Make butter with local Snowville cream, and you’ll wind up with a product that’s truly seasonal. In spring, when this Athens County dairy’s cows are munching pastures full of dandelions, your butter will be gloriously yellow; in fall, it’ll be pale and sweetly grassy.

Homemade butter keeps for two to three weeks in the refrigerator, up to six months in the freezer. Smear it liberally on sliced bread, toast or fluffy homemade biscuits; scoop it into a baked potato or melt it over roasted vegetables. (I don’t advise baking with homemade butter, as its water content is different from stick butter.)

Here’s how to turn 2 cups of heavy cream into about 1 cup of butter.

2 cups heavy cream (be sure it doesn’t contain thickeners like carrageenan, you just want cream; Snowville is preferred)

Sea salt to taste (optional; see notes below)

Let the cream sit at room temperature for 30 minutes. Pour it into the bowl of a stand mixer (or use a large, deep bowl and a hand mixer). Begin whipping on high speed; once you reach whipped cream consistency, keep going ...

After about 6 to 8 minutes (more or less; the process takes less time if the cream is warmer), the butter will begin to separate. You’ll see a thin, watery liquid accumulate in the bowl, and you’ll see small bits of solid butterfat. At this point, reduce the mixer speed to low and mix slowly until the solids come together into a clump.

(To make butter in a jar – which is a fun kids-in-the-kitchen activity – add up to 1 cup of heavy cream to a lidded glass pint or quart jar. Shake vigorously until the same thing happens: the butter solids separate from the buttermilk. Proceed as follows.)

Set a strainer or colander over a bowl, and transfer the butter and liquid; strain off the buttermilk. (Note that this is not the thick, cultured buttermilk you’ll find at the grocery, but more like skim milk with tiny flecks of butterfat.) Retain the butter in the strainer and save the buttermilk for another use (for drinking, for cooking pasta or potatoes, or baking).

Place the strainer under cold running water and rinse until the water runs through the strainer clear.

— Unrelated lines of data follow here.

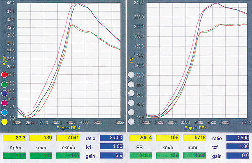 此為馬力的曲線圖,與上方提高增壓值后的曲線相比,3500rpm過后則是有相當劇烈的轉變,只不過原廠輪的出風量只要超過4500rpm后就已達到界線。左邊的扭力曲線圖可看到,4000rpm過后的扭力差別,無補正下的紀錄原廠為205.4ps/33.7kgm,增壓值提升為248.8ps/40.2kgm。 |
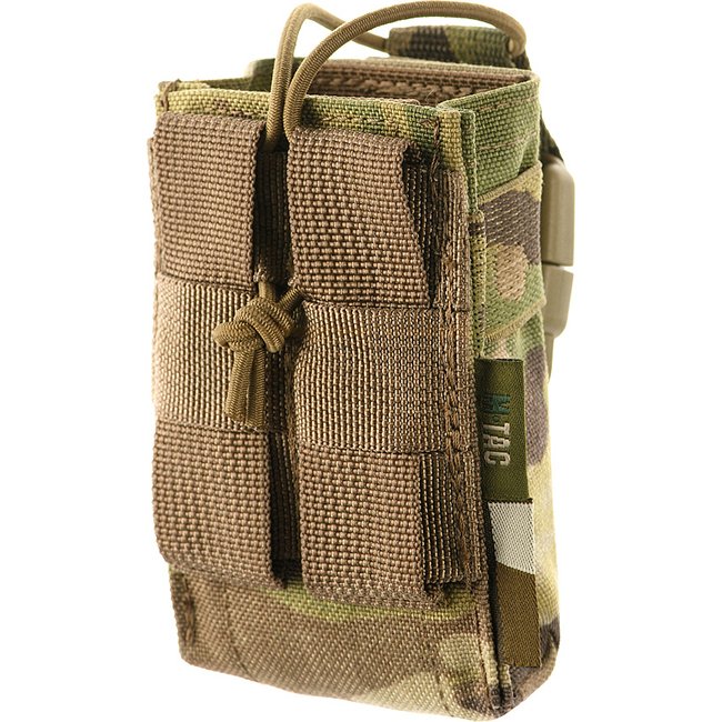 M-Tac Radio Pouch Gen.III in Multicam made of durable Cordura 1000D, designed for easy access to radio controls. Compatible with Kenwood K2AT, K4AT, TH-F5, and more. Dimensions: 10.5 x 6.5 x 3.5 cm.
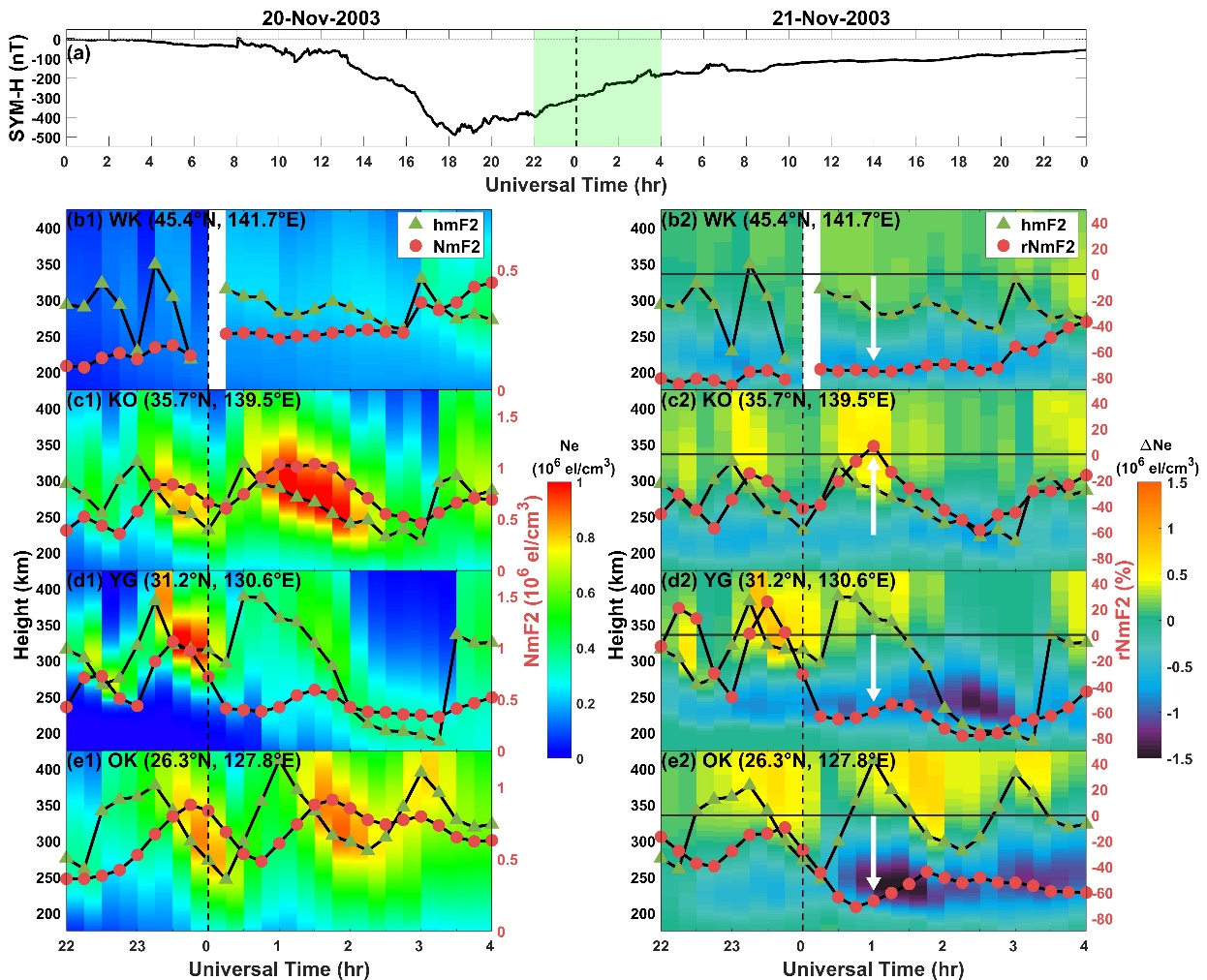 图3 (a)SYM-H指数(用于衡量地磁活动);(b1–e1)日本地区WK、KO、YG和OK站的电子密度剖面变化,叠加了hmF2(绿色三角形)和NmF2(红色实心点);(b2–e2)hmF2(绿色三角形)和NmF2的相对变化rNmF2%(红色实心点),叠加了电子密度剖面的绝对变化ΔNe。白箭头突出了rNmF2的不连续纬度变化
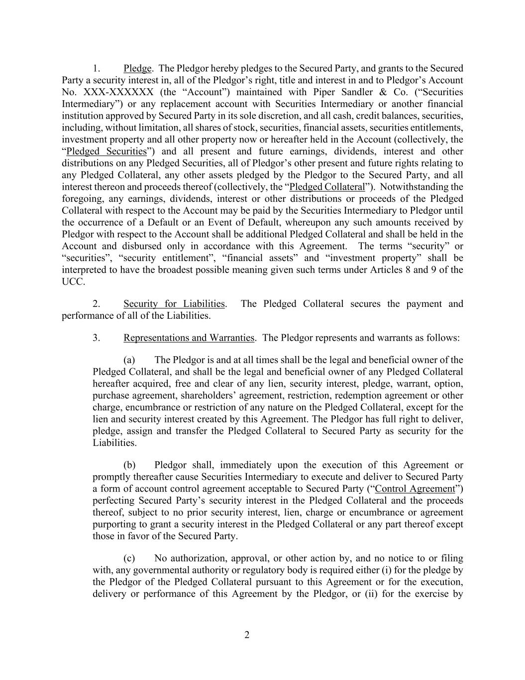 2 1. Pledge. The Pledgor hereby pledges to the Secured Party, and grants to the Secured Party a security interest in, all of the Pledgor’s right, title and interest in and to Pledgor’s Account No. XXX-XXXXXX (the “Account”) maintained with Piper Sandler & Co. (“Securities Intermediary”) or any replacement account with Securities Intermediary or another financial institution approved by Secured Party in its sole discretion, and all cash, credit balances, securities, including, without limitation, all shares of stock, securities, financial assets, securities entitlements, investment property and all other property now or hereafter held in the Account (collectively, the “Pledged Securities”) and all present and future earnings, dividends, interest and other distributions on any Pledged Securities, all of Pledgor’s other present and future rights relating to any Pledged Collateral, any other assets pledged by the Pledgor to the Secured Party, and all interest thereon and proceeds thereof (collectively, the “Pledged Collateral”). Notwithstanding the foregoing, any earnings, dividends, interest or other distributions or proceeds of the Pledged Collateral with respect to the Account may be paid by the Securities Intermediary to Pledgor until the occurrence of a Default or an Event of Default, whereupon any such amounts received by Pledgor with respect to the Account shall be additional Pledged Collateral and shall be held in the Account and disbursed only in accordance with this Agreement. The terms “security” or “securities”, “security entitlement”, “financial assets” and “investment property” shall be interpreted to have the broadest possible meaning given such terms under Articles 8 and 9 of the UCC. 2. Security for Liabilities. The Pledged Collateral secures the payment and performance of all of the Liabilities. 3. Representations and Warranties. The Pledgor represents and warrants as follows: (a) The Pledgor is and at all times shall be the legal and beneficial owner of the Pledged Collateral, and shall be the legal and beneficial owner of any Pledged Collateral hereafter acquired, free and clear of any lien, security interest, pledge, warrant, option, purchase agreement, shareholders’ agreement, restriction, redemption agreement or other charge, encumbrance or restriction of any nature on the Pledged Collateral, except for the lien and security interest created by this Agreement. The Pledgor has full right to deliver, pledge, assign and transfer the Pledged Collateral to Secured Party as security for the Liabilities. (b) Pledgor shall, immediately upon the execution of this Agreement or promptly thereafter cause Securities Intermediary to execute and deliver to Secured Party a form of account control agreement acceptable to Secured Party (“Control Agreement”) perfecting Secured Party’s security interest in the Pledged Collateral and the proceeds thereof, subject to no prior security interest, lien, charge or encumbrance or agreement purporting to grant a security interest in the Pledged Collateral or any part thereof except those in favor of the Secured Party. (c) No authorization, approval, or other action by, and no notice to or filing with, any governmental authority or regulatory body is required either (i) for the pledge by the Pledgor of the Pledged Collateral pursuant to this Agreement or for the execution, delivery or performance of this Agreement by the Pledgor, or (ii) for the exercise by

Shake the strainer to drain off as much water as possible, then gather the butter into your hands and knead like dough to remove more of the water. To make salted butter, sprinkle salt over the butter and knead it in with your hands.

Salting the butter: For 2 cups of cream, add 1/2 teaspoon of sea salt for a fairly salty butter, or 1/4 teaspoon for lightly salted; alternately, leave unsalted. Keeps 2-3 weeks in the fridge or 6 months in the freezer.

Compound Butter

Once you’ve whipped up homemade butter, add herbs and flavorings to make compound butter. You can also do this with unsalted stick butter. To 1/2 cup of softened unsalted butter, add any of the following and stir to combine well:

Lemon-Thyme Butter: 1 tablespoon chopped fresh thyme, zest of 1/2 lemon and a pinch of salt. Great on grilled vegetables or seafood.

Parsley-Garlic Butter: 1 tablespoon chopped fresh parsley, 1 clove garlic (finely minced) and a pinch of salt. Fantastic melted over grilled rib-eye steak.

Strawberry Butter: 2 tablespoons good strawberry preserves. Dynamite on pancakes.

Cinnamon-Sugar Butter: 3-4 tablespoons brown sugar and 1/2 teaspoon ground cinnamon. Toast’s BFF.